David Chappell


Get the Feed! Subscribe

Cloud Platform Storage: Relational vs. Scale-Out  
# Friday, February 27, 2009
All of today’s most visible cloud platforms provide a scalable storage mechanism. Google’s AppEngine has the Datastore, Amazon Web Services has SimpleDB, Microsoft’s Windows Azure has Tables, and Salesforce.com’s Force platform has an object store. All of them offer similar things: hierarchical rather than table-based storage, a straightforward schema-less approach, and a simple query language.

But why? Why don’t these platforms just provide ordinary relational storage? While their hierarchical approach has some strengths—it’s simple and flexible—it also has a host of weaknesses.
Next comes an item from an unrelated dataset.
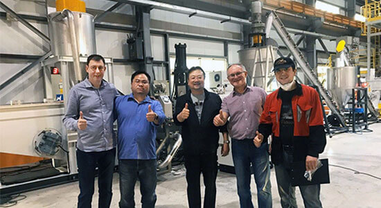 The customer is a large-scale PVC compounds materials manufacturer in Russia. They want to expend production lines due to the fast-growing business. In order to maximize the work efficiency of their limited human resources, we were requested to design a completed automatic extrusion line from the upstream to the downstream processes including material preparation, mixture, transportation, feeding, extrusion, pelletizing, cooling, screening, and storage. The purpose was to help them operate this 23-meters-long, 6-meter-high underwater pelletizing line with least manpower.

Here are some of the big ones:
  • Because they don’t provide ordinary tables, these storage technologies are harder for developers to understand and use. It also requires work to move data between familiar on-premises relational databases and hierarchical cloud datastores. For example, achieving good performance probably means organizing your data hierarchy to optimize for your app’s most common queries, something that differs from the usual relational approach.
  • None of them support standard SQL. This adds to the unfamiliarity, and it also means that useful things like joins and aggregates aren’t generally available. And each platform has its own query language, making life more difficult for developers and increasing platform lock-in.
  • The lack of standard relational data means that existing tools for working with that data, such as reporting services, can’t easily be used.
  • Because there’s no schema, programs will contain more errors. Rather than relying on the database to catch attempts to, say, store a string in an integer field, you’ll have to find these yourself.

These are significant limitations, and they raise a big question: Why would anybody use these things? Why don’t the cloud platform vendors just give us relational storage with SQL rather than these limited approaches?
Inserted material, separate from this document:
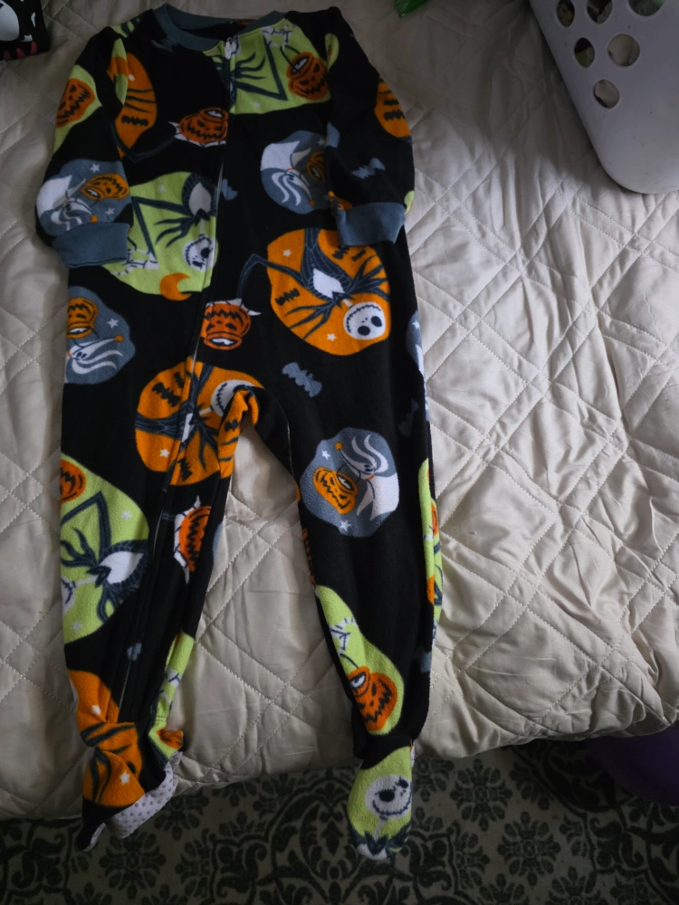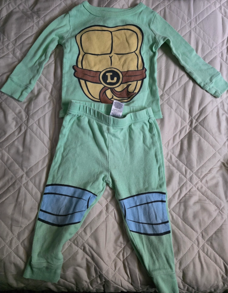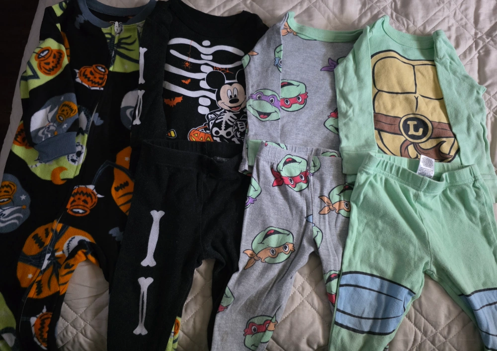 Selling a bundle of 2T kids' pajamas! There's a Halloween-themed footed pajama, a two-piece Mickey Mouse skeleton pajama set, and two sets of Ninja Turtle pajamas. Perfect for your little one!

The reason is that nobody seems to know how to make a relational DBMS scale to hold really massive amounts of data. You certainly can make a relational system handle more and more data by running it on ever-larger machines, but it’s much harder to do this by replicating relational data across multiple machines. In other words, traditional relational databases scale up, but they’re hard to scale out.

One way to scale out with a relational DBMS is to divide your data across multiple instances of the DBMS. Maybe all customers whose names start with “A” are in one instance, all whose names start with “B” are in the next instance, and so on. This approach, sometimes referred to as sharding, can work. But it’s hard to administer, and think about what it gives up: You lose the familiar all-in-one relational world, you can’t do SQL queries across different instances (which means you lose joins and aggregates), you can’t easily use reporting tools across different instances, and you no longer have an automatically maintained common schema across your entire database.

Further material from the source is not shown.